Figure 7 illustrates the sequential phases involved in assessing and managing risks within the SEN.

The process begins with the identification and analysis of systemic elements such as dysfunctions, deficiencies, and non-compliances. These elements lead to the emergence of vulnerabilities, which are then identified and evaluated. Based on these vulnerabilities, specific risks are assessed, followed by the identification and analysis of threats that arise from those risks. The next phase involves assessing the hazards generated by the identified threats, which in turn may lead to aggressions, representing the most severe consequences within the system. Following this progression, the overall security state of the SEN is evaluated. Finally, based on the insights gathered throughout these stages, security strategies are developed to enhance the system’s resilience and ensure its protection against future disruptions.

The diagram in Figure 8 is organized into eight sequential phases, each representing a stage in the process of understanding and managing systemic instability and insecurity. It follows a logical top-down flow—from the root causes (e.g., dysfunctions) to the formulation of security strategies.

Phase 1: Identification and Analysis of Systemic Elements

This phase identifies fundamental issues—dysfunctions, deficiencies, and non-compliances—which are the initial sources of vulnerabilities in the system. These elements interact and propagate, creating instability.

Phase 2: Identification and Assessment of Vulnerabilities

The systemic issues from Phase 1 lead to vulnerabilities, which must be identified and evaluated to understand their impact on the system’s integrity.

Phase 3–6: Risk Propagation Chain. These phases represent a cascade effect:

Phase 3—Risks: Arise from vulnerabilities;

Phase 4—Threats: Emerge from risks;

Phase 5—Hazards: Are the result of threats;

Phase 6—Aggressions: Represent the actual incidents or disruptions caused by hazards.

Each step is associated with identification and assessment, ensuring that the evolution of risk is continuously monitored and understood.

Phase 7: Security Status Assessment

At this point, the accumulated knowledge about vulnerabilities, risks, threats, hazards, and aggressions is used to evaluate the overall security status of the system. This is a critical decision point for determining if the system is secure or requires intervention.

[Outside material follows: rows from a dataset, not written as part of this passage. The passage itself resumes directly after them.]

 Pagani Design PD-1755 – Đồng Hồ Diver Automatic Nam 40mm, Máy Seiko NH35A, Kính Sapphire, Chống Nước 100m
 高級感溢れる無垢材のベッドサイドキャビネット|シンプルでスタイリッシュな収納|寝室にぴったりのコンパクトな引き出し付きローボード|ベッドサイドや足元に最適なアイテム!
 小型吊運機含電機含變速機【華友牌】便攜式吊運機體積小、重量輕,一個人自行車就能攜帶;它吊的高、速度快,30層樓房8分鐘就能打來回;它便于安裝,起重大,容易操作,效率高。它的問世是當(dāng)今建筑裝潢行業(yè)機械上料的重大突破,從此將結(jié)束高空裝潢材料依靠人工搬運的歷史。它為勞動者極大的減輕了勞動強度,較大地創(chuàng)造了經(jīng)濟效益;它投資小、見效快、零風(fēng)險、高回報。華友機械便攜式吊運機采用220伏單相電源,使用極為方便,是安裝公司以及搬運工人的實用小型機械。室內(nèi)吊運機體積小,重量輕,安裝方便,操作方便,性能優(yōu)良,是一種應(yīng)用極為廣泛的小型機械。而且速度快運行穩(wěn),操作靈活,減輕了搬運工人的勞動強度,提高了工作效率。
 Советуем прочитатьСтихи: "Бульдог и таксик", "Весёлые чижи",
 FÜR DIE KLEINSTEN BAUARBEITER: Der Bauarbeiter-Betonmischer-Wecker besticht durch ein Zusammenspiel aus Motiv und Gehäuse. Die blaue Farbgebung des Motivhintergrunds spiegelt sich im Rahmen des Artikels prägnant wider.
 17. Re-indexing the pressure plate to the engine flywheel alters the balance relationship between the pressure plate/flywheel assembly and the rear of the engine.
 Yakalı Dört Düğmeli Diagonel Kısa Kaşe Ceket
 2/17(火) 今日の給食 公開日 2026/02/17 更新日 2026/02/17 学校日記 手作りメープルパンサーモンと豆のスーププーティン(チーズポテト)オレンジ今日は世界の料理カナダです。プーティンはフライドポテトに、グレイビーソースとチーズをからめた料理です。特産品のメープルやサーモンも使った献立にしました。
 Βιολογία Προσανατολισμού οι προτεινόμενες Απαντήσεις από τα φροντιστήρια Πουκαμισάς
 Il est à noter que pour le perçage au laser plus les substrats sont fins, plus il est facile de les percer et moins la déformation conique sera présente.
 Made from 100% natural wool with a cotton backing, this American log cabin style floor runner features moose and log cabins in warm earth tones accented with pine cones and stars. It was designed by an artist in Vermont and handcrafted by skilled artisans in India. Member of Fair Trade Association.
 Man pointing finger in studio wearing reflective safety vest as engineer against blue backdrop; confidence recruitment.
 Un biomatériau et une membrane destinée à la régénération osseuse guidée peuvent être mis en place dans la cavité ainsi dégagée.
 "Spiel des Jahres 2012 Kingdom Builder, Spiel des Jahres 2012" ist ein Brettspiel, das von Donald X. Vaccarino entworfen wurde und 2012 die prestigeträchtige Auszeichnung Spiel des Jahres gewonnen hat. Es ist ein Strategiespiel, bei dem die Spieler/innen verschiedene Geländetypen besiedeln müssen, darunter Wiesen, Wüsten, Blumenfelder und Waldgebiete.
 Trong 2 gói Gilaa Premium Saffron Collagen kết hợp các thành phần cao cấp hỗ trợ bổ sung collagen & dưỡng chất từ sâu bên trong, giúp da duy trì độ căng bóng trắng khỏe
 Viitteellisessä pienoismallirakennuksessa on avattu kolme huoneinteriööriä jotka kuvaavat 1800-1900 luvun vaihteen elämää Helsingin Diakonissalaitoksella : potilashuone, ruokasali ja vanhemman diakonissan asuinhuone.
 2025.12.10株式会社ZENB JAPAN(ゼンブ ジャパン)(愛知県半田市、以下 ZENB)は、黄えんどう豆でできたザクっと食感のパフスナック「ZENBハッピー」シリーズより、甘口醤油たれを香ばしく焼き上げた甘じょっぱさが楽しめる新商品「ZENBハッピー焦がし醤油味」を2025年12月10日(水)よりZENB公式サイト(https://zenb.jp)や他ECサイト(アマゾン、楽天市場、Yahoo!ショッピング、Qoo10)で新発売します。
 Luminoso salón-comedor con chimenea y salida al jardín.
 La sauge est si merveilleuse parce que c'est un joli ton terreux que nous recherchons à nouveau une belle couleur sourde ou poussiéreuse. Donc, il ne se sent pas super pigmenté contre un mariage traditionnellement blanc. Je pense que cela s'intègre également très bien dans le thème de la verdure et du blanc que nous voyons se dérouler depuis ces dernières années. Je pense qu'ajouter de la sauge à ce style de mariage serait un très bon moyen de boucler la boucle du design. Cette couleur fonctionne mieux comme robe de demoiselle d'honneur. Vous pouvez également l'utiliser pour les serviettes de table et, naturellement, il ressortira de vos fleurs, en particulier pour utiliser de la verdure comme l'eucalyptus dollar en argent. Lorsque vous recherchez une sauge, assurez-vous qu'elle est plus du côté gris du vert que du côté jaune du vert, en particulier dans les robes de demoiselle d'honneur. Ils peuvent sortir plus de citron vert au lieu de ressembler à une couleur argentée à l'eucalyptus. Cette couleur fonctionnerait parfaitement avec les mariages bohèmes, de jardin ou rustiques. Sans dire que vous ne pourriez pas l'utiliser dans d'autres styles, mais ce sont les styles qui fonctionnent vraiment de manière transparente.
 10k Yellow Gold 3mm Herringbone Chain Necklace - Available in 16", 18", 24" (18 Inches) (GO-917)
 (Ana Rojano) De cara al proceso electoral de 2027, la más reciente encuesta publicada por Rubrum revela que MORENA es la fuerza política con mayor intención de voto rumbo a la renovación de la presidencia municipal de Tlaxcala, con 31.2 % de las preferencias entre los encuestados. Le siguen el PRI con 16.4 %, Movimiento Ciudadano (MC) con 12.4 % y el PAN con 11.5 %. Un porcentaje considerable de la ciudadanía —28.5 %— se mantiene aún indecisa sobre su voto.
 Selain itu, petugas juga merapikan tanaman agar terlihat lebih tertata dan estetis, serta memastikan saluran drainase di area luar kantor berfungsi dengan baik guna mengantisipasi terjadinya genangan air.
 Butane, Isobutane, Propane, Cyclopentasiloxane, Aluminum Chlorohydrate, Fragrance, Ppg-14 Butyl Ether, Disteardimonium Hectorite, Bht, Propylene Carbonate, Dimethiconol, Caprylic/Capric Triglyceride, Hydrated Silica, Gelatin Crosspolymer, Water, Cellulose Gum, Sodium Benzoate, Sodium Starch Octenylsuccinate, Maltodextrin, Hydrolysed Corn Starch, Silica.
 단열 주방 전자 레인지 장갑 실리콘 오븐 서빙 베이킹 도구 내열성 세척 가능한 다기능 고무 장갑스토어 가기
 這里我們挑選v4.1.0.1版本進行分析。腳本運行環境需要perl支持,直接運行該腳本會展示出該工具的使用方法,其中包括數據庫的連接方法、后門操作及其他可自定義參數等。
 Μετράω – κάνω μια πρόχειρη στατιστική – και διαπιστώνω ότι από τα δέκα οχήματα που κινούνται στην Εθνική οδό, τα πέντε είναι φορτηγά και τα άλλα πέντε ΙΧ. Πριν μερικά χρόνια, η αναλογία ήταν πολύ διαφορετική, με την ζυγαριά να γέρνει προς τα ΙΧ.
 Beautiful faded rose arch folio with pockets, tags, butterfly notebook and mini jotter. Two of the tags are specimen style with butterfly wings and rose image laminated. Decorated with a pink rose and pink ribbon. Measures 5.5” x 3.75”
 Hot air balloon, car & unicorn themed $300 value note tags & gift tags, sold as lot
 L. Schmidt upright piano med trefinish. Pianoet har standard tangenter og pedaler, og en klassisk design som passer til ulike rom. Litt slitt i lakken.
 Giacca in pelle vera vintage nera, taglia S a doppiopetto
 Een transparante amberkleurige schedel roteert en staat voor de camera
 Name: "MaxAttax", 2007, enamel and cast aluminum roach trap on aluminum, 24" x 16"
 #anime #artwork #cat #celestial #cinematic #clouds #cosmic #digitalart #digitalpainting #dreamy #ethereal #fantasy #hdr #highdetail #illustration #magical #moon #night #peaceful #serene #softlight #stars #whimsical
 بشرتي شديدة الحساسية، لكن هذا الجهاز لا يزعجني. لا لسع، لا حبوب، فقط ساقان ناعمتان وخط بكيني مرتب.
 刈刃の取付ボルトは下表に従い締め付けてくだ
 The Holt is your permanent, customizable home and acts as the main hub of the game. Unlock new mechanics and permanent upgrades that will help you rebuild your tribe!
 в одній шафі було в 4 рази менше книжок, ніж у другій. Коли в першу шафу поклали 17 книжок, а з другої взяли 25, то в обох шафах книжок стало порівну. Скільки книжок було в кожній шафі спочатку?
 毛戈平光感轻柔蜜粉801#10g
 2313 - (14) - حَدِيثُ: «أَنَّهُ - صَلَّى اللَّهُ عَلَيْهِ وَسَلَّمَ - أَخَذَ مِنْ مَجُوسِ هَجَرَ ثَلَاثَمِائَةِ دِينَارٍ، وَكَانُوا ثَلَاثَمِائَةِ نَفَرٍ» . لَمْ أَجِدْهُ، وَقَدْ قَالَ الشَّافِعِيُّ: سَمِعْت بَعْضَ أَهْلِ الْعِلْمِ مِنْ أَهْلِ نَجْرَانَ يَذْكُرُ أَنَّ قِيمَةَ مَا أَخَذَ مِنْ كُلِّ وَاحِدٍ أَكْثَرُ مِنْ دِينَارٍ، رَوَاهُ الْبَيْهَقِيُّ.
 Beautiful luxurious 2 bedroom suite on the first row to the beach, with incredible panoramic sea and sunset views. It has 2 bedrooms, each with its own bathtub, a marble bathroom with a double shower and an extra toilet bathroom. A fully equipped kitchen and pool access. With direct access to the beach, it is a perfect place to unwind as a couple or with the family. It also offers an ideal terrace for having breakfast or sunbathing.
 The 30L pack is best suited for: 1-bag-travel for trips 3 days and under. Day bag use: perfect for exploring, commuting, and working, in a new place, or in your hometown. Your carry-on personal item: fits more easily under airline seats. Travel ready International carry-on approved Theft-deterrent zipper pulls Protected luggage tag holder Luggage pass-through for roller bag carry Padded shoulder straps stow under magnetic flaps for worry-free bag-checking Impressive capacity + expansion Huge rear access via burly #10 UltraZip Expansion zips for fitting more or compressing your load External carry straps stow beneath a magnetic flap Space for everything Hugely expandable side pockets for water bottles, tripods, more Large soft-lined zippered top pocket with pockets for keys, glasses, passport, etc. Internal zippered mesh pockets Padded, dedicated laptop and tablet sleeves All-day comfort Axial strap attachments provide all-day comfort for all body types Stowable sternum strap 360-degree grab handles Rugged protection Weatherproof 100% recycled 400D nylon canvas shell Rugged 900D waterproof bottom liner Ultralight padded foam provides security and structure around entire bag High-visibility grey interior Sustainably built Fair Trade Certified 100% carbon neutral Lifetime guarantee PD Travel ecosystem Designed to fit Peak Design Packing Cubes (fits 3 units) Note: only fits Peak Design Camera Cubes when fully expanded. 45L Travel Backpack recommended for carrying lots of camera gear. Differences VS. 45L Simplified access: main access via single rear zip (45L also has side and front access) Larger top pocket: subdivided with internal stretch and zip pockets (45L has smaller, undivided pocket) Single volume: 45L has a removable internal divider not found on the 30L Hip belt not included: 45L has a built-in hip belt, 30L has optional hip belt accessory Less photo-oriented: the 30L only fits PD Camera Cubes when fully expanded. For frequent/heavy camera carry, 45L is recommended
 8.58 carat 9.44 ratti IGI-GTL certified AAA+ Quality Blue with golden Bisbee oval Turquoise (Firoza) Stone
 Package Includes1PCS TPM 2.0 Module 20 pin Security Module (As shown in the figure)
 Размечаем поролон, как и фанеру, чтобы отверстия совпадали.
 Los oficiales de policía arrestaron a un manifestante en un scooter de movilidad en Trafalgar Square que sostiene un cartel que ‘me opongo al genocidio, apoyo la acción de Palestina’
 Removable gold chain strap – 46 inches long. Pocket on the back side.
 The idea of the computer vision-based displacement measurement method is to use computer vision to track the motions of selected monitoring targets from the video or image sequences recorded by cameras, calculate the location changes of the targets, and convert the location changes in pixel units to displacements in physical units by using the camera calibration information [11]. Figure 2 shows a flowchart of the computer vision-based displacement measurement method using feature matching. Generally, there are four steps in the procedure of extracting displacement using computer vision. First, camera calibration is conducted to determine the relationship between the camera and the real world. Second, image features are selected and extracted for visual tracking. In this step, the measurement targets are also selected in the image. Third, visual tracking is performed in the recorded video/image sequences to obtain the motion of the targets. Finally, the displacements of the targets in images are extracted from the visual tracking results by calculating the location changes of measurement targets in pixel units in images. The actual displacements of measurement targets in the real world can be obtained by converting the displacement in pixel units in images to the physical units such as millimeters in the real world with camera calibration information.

Phase 8: Development of Security Strategies

Based on the assessed security status, security strategies are developed. These aim to mitigate or eliminate the identified vulnerabilities and prevent the future propagation of threats and hazards.

Both Figure 7 and Figure 8 provide valuable visual representations of the full risk management process, containing risk identification, quantification, mitigation, and reassessment.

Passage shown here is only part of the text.